Fire Island residents trudged through six inches of water flooding Ocean Beach at high tide on Friday while preparing for the impact of Hurricane Joaquin’s expected passing east of Long Island starting this weekend.
While many secured their homes and businesses, a few reveled despite the National Weather Service’s coastal flooding and high surf advisories for LI—forecasts that spark extra worries on FI, where the beaches remain particularly vulnerable since Sandy three years ago.
“You have people preparing as they should be,” said John Randazzo, owner of Castaways Bar & Grill, who trucked $3,000 worth of food from his five Ocean Beach eateries to freezers on LI in case the power goes out. “Then you got people who just want to have a few beers.”
LI breathed a sigh of relief when forecasters predicted it’ll be spared a direct hit, but officials remain concerned about the four barrier islands protecting LI from the Atlantic Ocean—especially FI, the largest, which remains breached and partly dune-less since the 2012 superstorm.
“I’m not worried,” Ashley Ingenito, 25, an waitress at The Albatross, said while planning hurricane parties and surfing in the above-average waves.

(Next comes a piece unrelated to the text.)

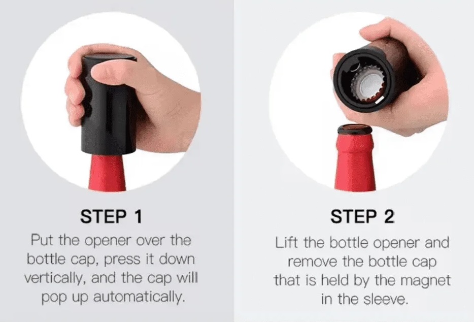 Aυτόματο ανοιχτήρι μπουκαλιών με μαγνήτη, για πανεύκολο άνοιγμα των μπουκαλιών μπύρας και αναψυκτικών με μία κίνηση: απλά τοποθετήστε το εργαλείο επάνω στο καπάκι μέχρι να κουμπώσει και τραβήξτε. Το καπάκι αφαιρείται και παραμένει μέσα χάρη στον ειδικό μαγνήτη, από όπου μπορείτε να το αφαιρέσετε χωρίς να πέσει και χωρίς να στραβώσει, ώστε να μπορείτε να το επαναχρησιμοποιήσετε.

Next to her at the bar, the owner, Ocean Beach Mayor James Mallott, fixed a broken light after leading a half dozen TV reporters around the village that’s FI’s unofficial capital.
“The ocean gives and the ocean takes away,” Mallott said while showing the press gaggle where the waves reached the foot of the makeshift dune made of sand berms, trap bags and geotubes. “We’re still waiting for sand to be replenished on the beach, which is… crucial to our survival here on Fire Island.”
The mayor was flanked by Suffolk County Executive Steve Bellone, who said the partly completed $207-million Fire Island Inlet to Moriches Inlet (FIMI) project is expected to resume in the coming weeks. The east end of FI was rebuilt earlier this year, the second phase is slated this fall to rebuild the beach on the west end of the island and the residential middle won’t begin until litigation ends. The Suffolk public works department is currently negotiating with about 20 oceanfront FI property owners in the 17 communities that face buyouts and potential condemnation to make way for the new Sandy-aid-funded replacement dune.
“We have to expedite the FIMI project…to restore this dune line to make sure the barrier beach is being protected,” Bellone told reporters while waves crashed behind him during a news conference at Robert Moses State Park. “This place is not only a national treasure, it is vital to the protection of the south shore.”
The county executive noted that he doesn’t plan to order an evacuation of FI and a spokeswoman for PSEG Long Island said that there are no plans to preemptively cut power to there, as it has done in hurricanes past. But Bay Shore-based Fire Island Ferries, the biggest of three companies that serve the public to the mostly car-free island, suspended service starting Sunday while the other two in Sayville and Patchogue are taking it day by day. All eyes will remain on the south shore until the storm passes.